For instance there are 5 records in the table where order numbers are 1, 2, 3, 4, and 5. Someone deleted record number 2 and now I would like numbers 3, 4, and 5 to move up to take the deleted number 2's place so the order numbers would now be 1, 2, 3, and 4. Is it possible with python, postgres and django?

Thanks in Advance!

You are going to have to implement that feature yourself, I doubt very much that a relational db will do that for you, and for good reason: it means updating a potentially large number of rows when one row is deleted.

Are you sure you need this? It could become expensive.

Here what I ended up using:

item.delete()
items = table.objects.order_by('order')
count =0
for element in items:
  element.order = count
  element.save()
  count=count+1

You're probably better off leaving the values in the table alone and using a query to generate the numbering. You can use window functions to do this if you're up to writing some SQL.

SELECT
   output_column,
   ...,
   row_number() over (
     order by
       order_column)
FROM
  TheTable;

Instead of deleting orders - you should create a field which is a boolean (call it whatever you like - for example, deleted ) and set this field to 1 for "deleted" orders.

Messing with a serial field (which is what your auto-increment field is called in postgres) will lead to problems later; especially if you have foreign keys and relationships with tables.

Not only will it impact your database server's performance; it also will impact on your business as eventually you will have two orders floating around that have the same order number; even though you have "deleted" one from the database, the order number may already be referenced somewhere else - like in a receipt your printed for your customer.

You could try using signals post_save and post_delete to query the appropriate objects, sort them, and then look for missing numbers and reassign/save as necessary. This might be pretty heavy for a lot of data, but for only a few items that change rarely, it would be ok.

from django.db.models.signals import post_delete
from django.dispatch import receiver

def fix_order(sorted_objects):
    #ensures that the given objects have sequential order values from 1 upwards
    i = 1
    for item in sorted_objects
        if item.order != i:
            item.order = i
            item.save()
        i += 1

@receiver(post_delete, sender=YourSortedModel)
def update_order_post_delete(sender, kwargs):
    #get the sorted items you need
    sort_items = YourSortedModel.objects.filter(....).order_by('order')
    fix_order(sort_items)

I came across this looking for something else and wanted to point something out:

By storing the order in a field in the same table as your data, you lose data integrity, or if you index it things will get very complicated if you hit a conflict. In other words, it's very easy to have a bug (or something else) give you two 3's, a missing 4, and other weird things can happen. I inherited a project with a manual sort order that was critical to the application (there were other issues as well) and this was constantly an issue, with just 200-300 items.

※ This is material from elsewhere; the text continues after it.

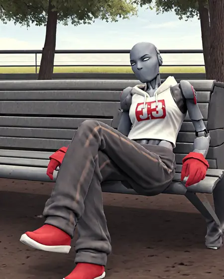 MK3: 흰색 "13" 후드티, 트랙 팬츠, 스니커즈, 짧은 빨간 장갑
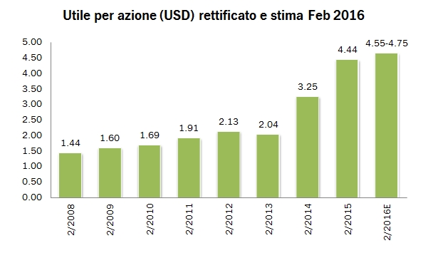 Nel 2014 (chiusura febbraio 2015), Constellation Brands ha riportato risultati ancora una volta superiori alle aspettative del mercato e alle previsioni a suo tempo effettuate. L’utile per azione è cresciuto a 4.44 dollari da 3.25, incamerando in pieno il beneficio dell’acquisizione degli interessi di minoranza della birra Corona. Nonostante il piano di investimenti colossale nell’espansione del birrificio e il debito significativo (oltre 7 miliardi di dollari), il management ha annunciato l’inizio di una politica di dividendi con pagamenti trimestrali. E’ questo un segnale a mio avviso, perchè significa che il business non dovrebbe più “sorprendere”: per tenere il titolo sui livelli da record raggiunti recentemente (120 dollari, 23 miliardi di dollari di capitalizzazione) è necessario dare qualcosa di nuovo in pasta agli investitori. E il 2015? Come detto, investimenti molto importanti (1 miliardo di dollari) ridurranno la generazione di cassa a 100-200 milioni di dollari, mentre l’utile per azione è previsto a 4.55-4.75 dollari, cioè un +3/+7% che fa circa +5% in media. Facendo un breve calcolo, con il prezzo delle azioni a 120 dollari, Constellation Brands tratta a un multiplo 2015 di circa 27 volte l’utile netto atteso. Ma passiamo a una breve rivista dei numeri, che mostrano ancora una volta la spinta della birra e la relativa stabilità del business del vino, con una decelerazione nell’evoluzione dei margini e dei volumi sulla parte finale dell’anno.

The right way to handle a manual sort order is to have a separate table to manage it and sort with a join. This way your Order table will have exactly 10 entries with just it's PK (the order number) and a foreign key relationship to the ID of the items you want to sort. Deleted items just won't have a reference anymore.

You can continue to sort on delete similar to how you're doing it now, you'll just be updating the Order model's FK to list instead of iterating through and re-writing all your items. Much more efficient.

This will scale up to millions of manually sorted items easily. But rather than using auto-incremented ints, you would want to give each item a random order id in between the two items you want to place it between and keep plenty of space (few hundred thousand should do it) so you can arbitrarily re-sort them.

I see you mentioned that you've only got 10 rows here, but designing your architecture to scale well the first time, as a practice, will save you headaches down the road, and once you're in the habit of it, it won't really take you any more time.

尝试使用pgadmin在postgres中设置类型为sequence的值。